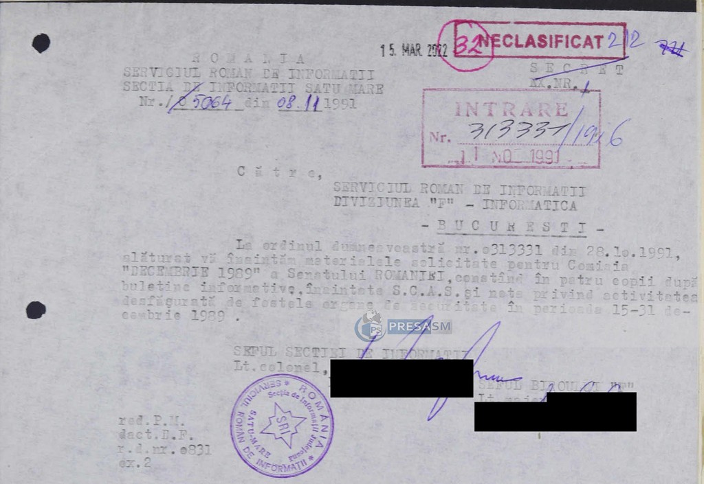 O serie de documente desecretizate de către Serviciul Român de Informații - consultate de PresaSM - arată starea de spirit din județul Satu Mare, din perioada de dinaintea și după Revoluția din decembrie 1989, transformată ulterior într-o lovitură de stat orchestrată de tovarășul Ion Iliescu și camarila sa militaro-securistă.
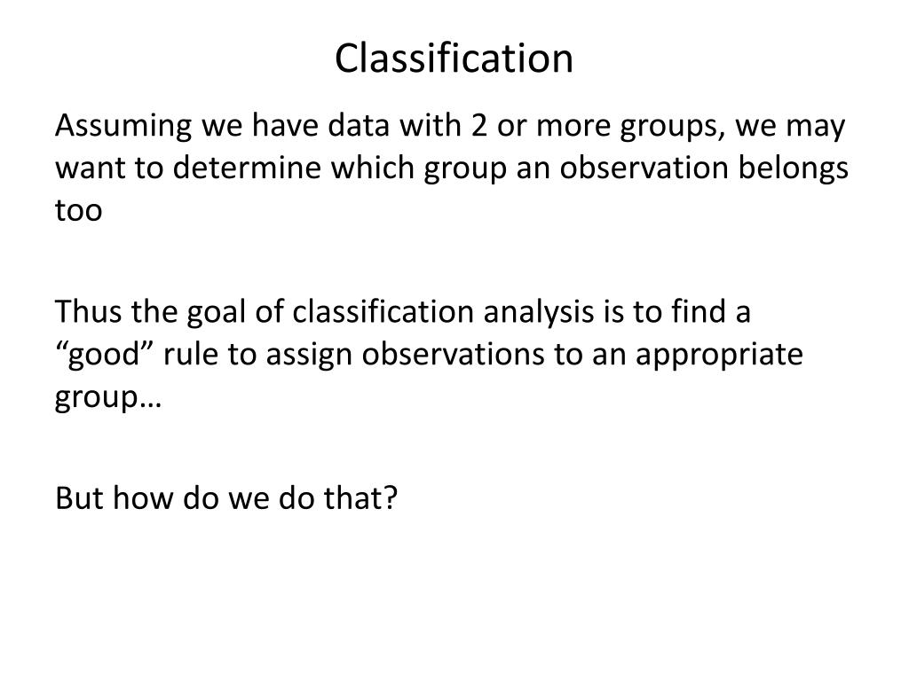 Classification Assuming we have data with 2 or more groups, we may want to determine which group an observation belongs too Thus the goal of classification analysis is to find a “good” rule to assign observations to an appropriate group… But how do we do that?
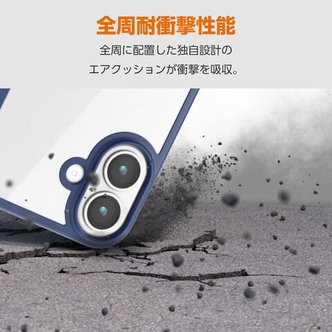 エレコム iPhone17 ハイブリッドケース D3O フレームカラー メタルステッカー付(ネイビー) PM-A25AD3OFCNV 【返品種別A】
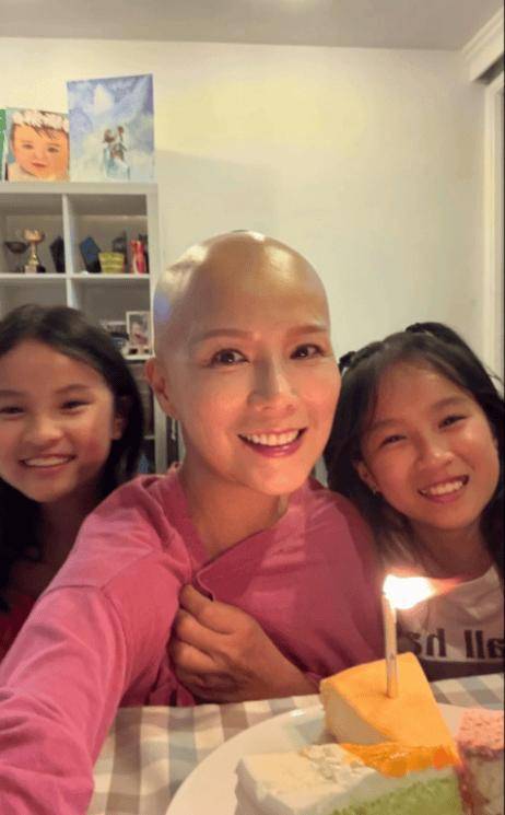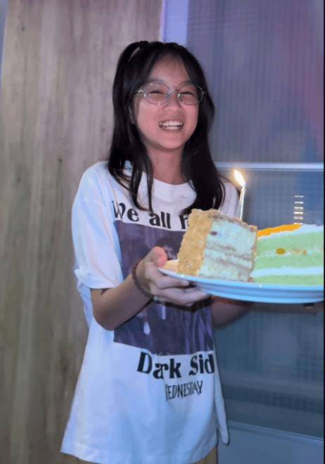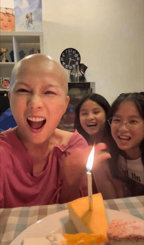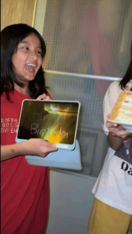 生日上,10 岁的大女儿陈芊彤(Scarlet)和 8 岁的小女儿陈施辰(Season),一个捧着蛋糕,另一个在平板电脑上写下 “Happy Birthday !Love U Mommy”,一起唱生日歌为妈妈庆生。大女儿还亲了妈妈一下,温馨又有爱。
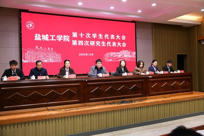 12月11日上午,在南校区机械馆报告厅,学校召开第十次学生代表大会、第四次研究生代表大会,回顾总结学生会工作,审议工作报告,选举产生第十次学代会、第四次研代会常任代表,学生会、研究生会主席团成员。校党委常委、副校长张勤芳,共青团盐城市委副书记包婷婷出席大会并讲话。校团委书记杨秀丽主持大会开幕式。学生处、研究生处、团委相关同志,盐城市学校部负责人,各二级学院分管学生工作书记、团委(副)书记,兄弟高校学生会主席代表以及大会正式代表300余人参加。
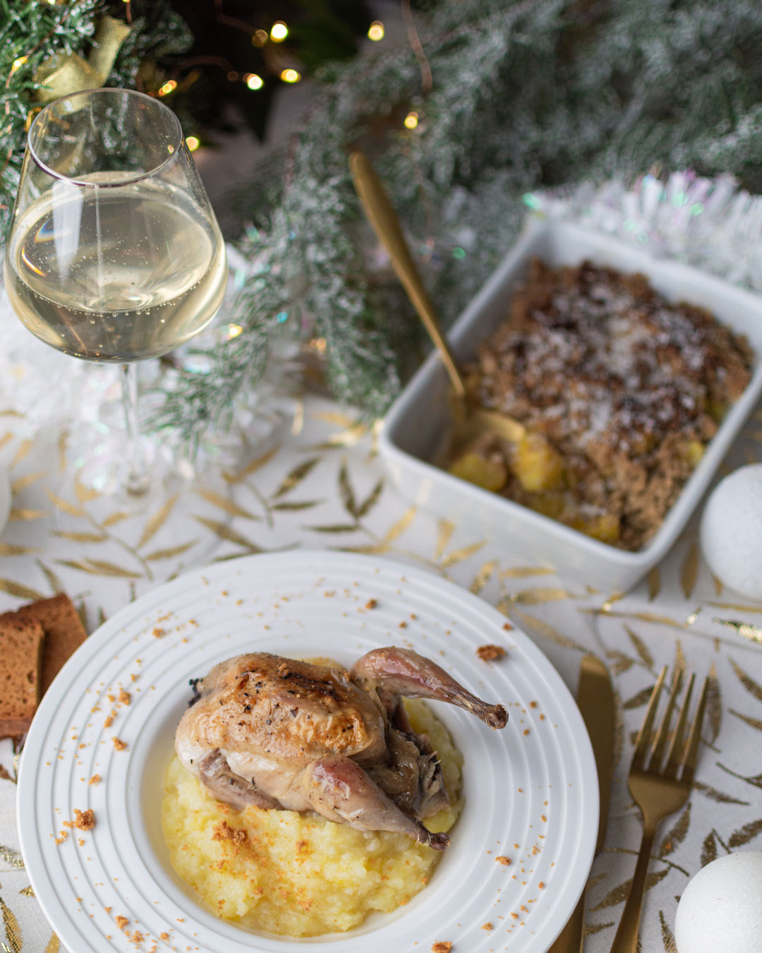 La recette facile Cailles farcies, purée de céleri au pain d’épice et crumble ananas
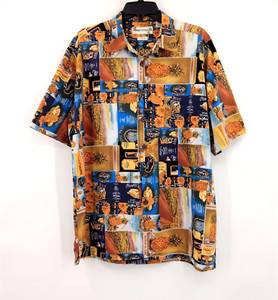TOMMY BAHAMA Shirt Mens L Multicolor Silk Floral Palm Tree Hawaiian Loop Collar
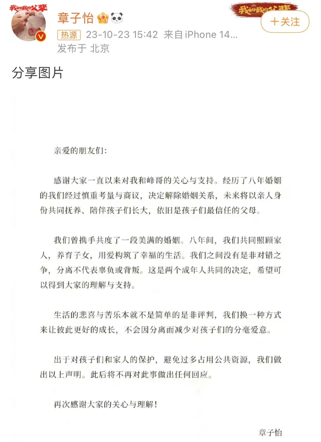 在明星离婚逐渐体面化的当下,吃瓜也愈发索然无味,官宣消息热度起得快淡得更快,当事人和网友都如同在走手续一般。或许最终更有看头的,还是粉丝们最在意的事业吧。
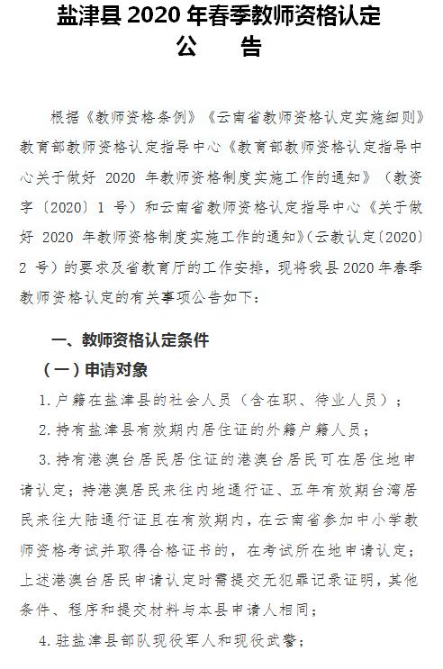 昭通市鹽津縣2020年春季教師資格認(rèn)定公告
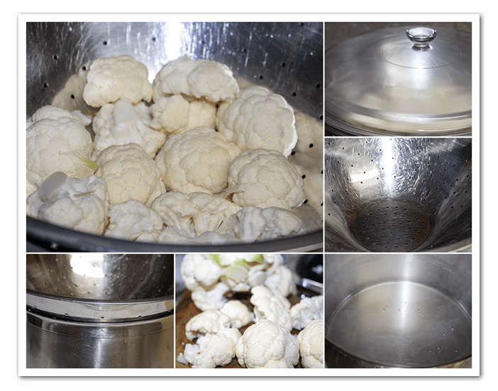 - Preheat oven to 350F. Since I don’t have a steamer I improvised. Next time I am just going to boil the cauliflower, imo it doesn’t make a lot of difference. in this case I steamed the cauliflower for about 10 min.
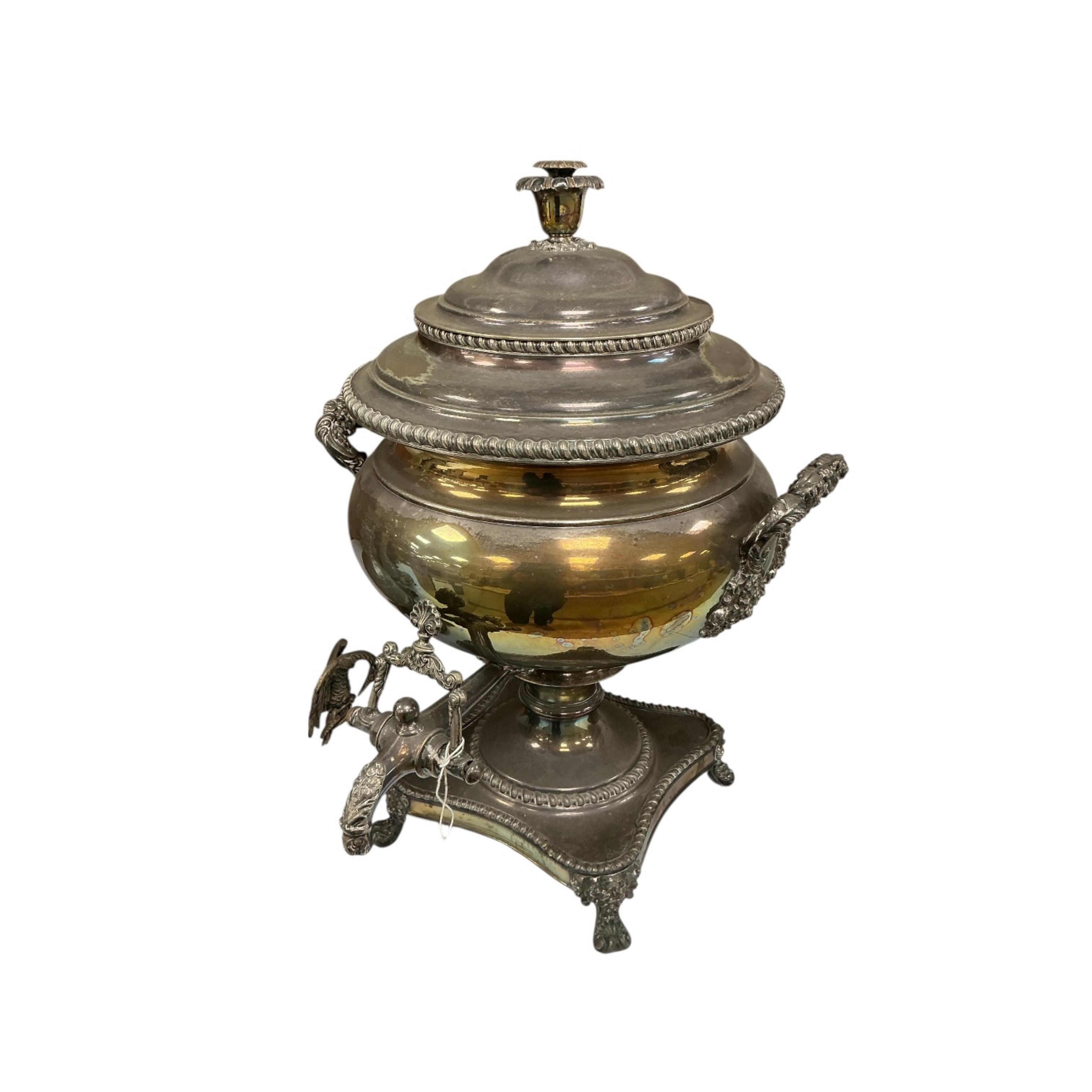 Lot 1500 , A pair of Victorian silver plated urns and a two bottle decanter stand with a pair of cut glass decanters, largest each 44cm high
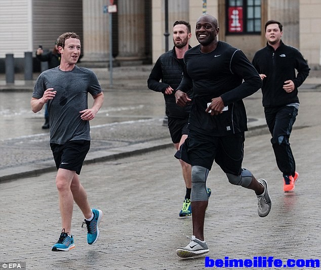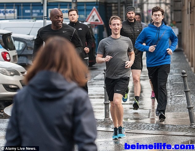 2 e& {$ p( V5 m" h: r8 q1 L 图为一些类似保镖的人陪扎克伯格慢跑。
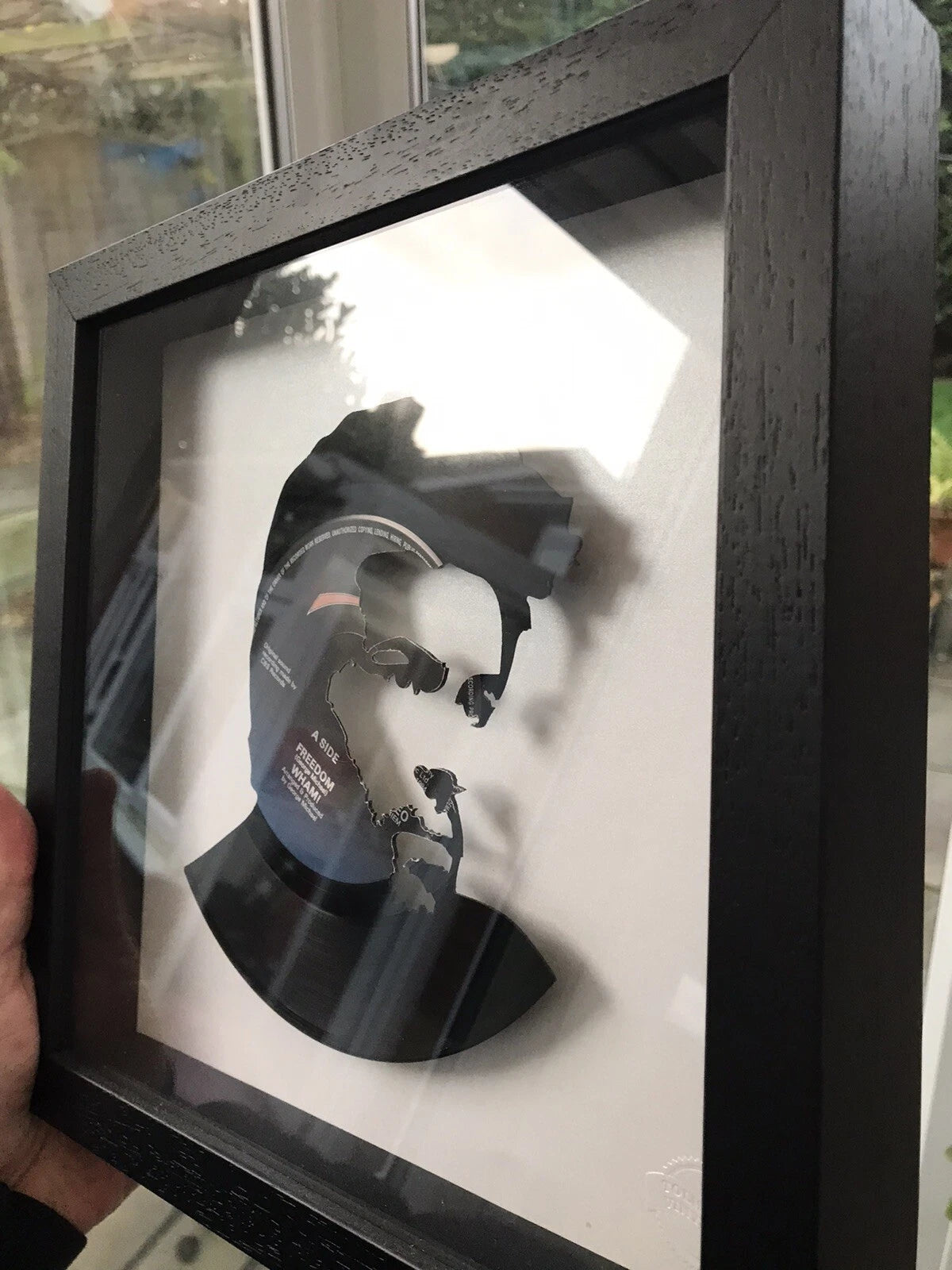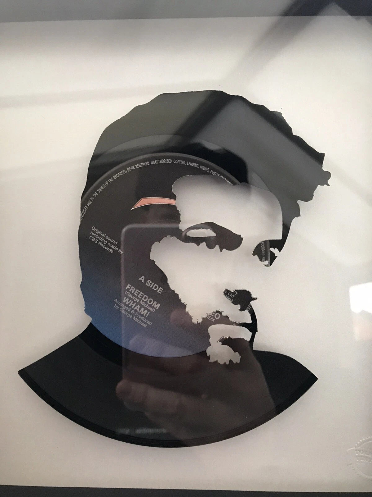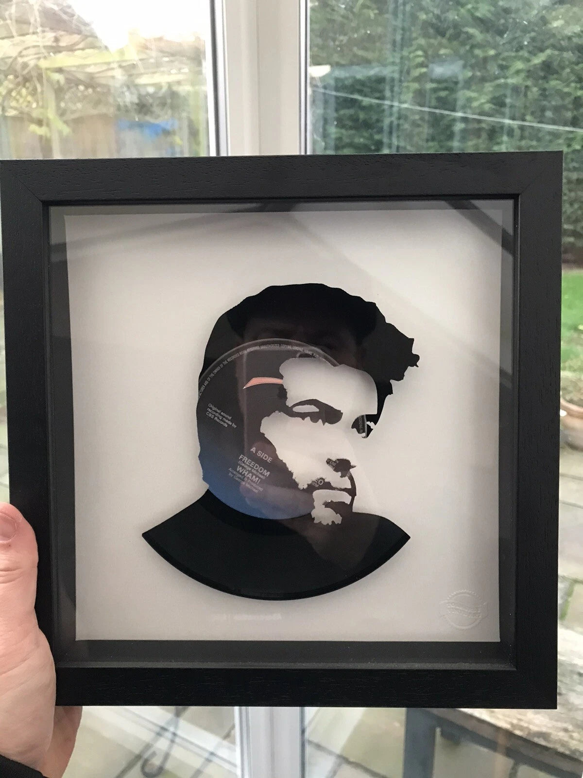 Individual piece of vintage vinyl art featuring the 1984 single Freedom by Wham! The record is cut to the silhouette of George. Mounted within a black wooden box frame and raised from a pearlescent white base. The frame measures 25cm x 25cm (10 x 10 inches). Other George Michael/Wham singles available upon request.
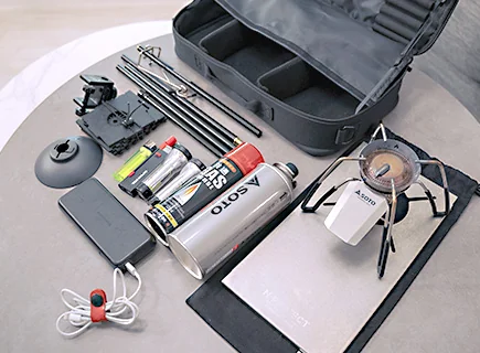 照明などの電気関連、レギュレーターストーブやライターなどガス関連をまとめた収納
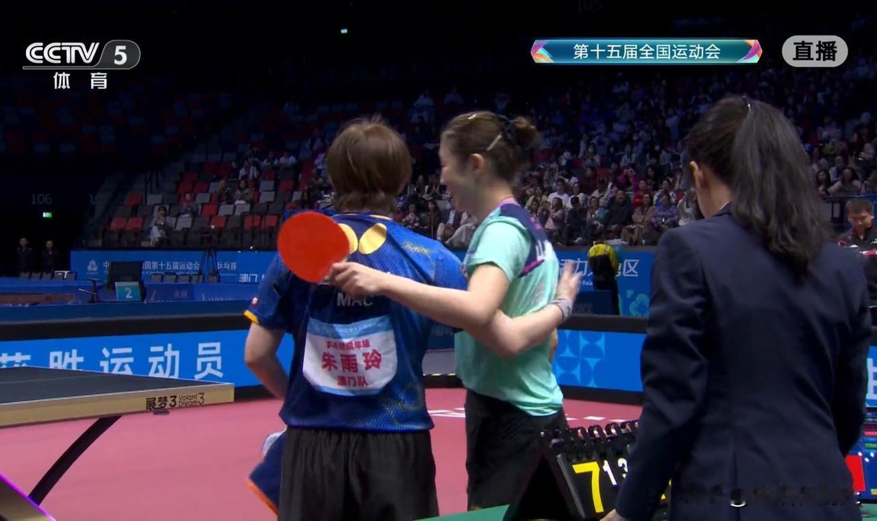 第十五届全运会,澳门奖牌零突破还在等待……寄希望的朱雨玲,以1:4不敌奥运卫冕冠军陈梦,夺得全运会女乒单打第4名,与奖牌无缘。 双方奉献了一场精彩激烈的比赛。赛后,陈梦与朱雨玲相拥。

▶ What needs to be done: The response must repeat exactly the lines above from the one with "エレコム iPhone17 ハイブリッドケース" through the one with "生日上,10 岁的大女儿陈芊彤(Scarlet)和 8", including both, and must contain no pictures and no other text.

▶ Result of the exercise:
 エレコム iPhone17 ハイブリッドケース D3O フレームカラー メタルステッカー付(ネイビー) PM-A25AD3OFCNV 【返品種別A】
 生日上,10 岁的大女儿陈芊彤(Scarlet)和 8 岁的小女儿陈施辰(Season),一个捧着蛋糕,另一个在平板电脑上写下 “Happy Birthday !Love U Mommy”,一起唱生日歌为妈妈庆生。大女儿还亲了妈妈一下,温馨又有爱。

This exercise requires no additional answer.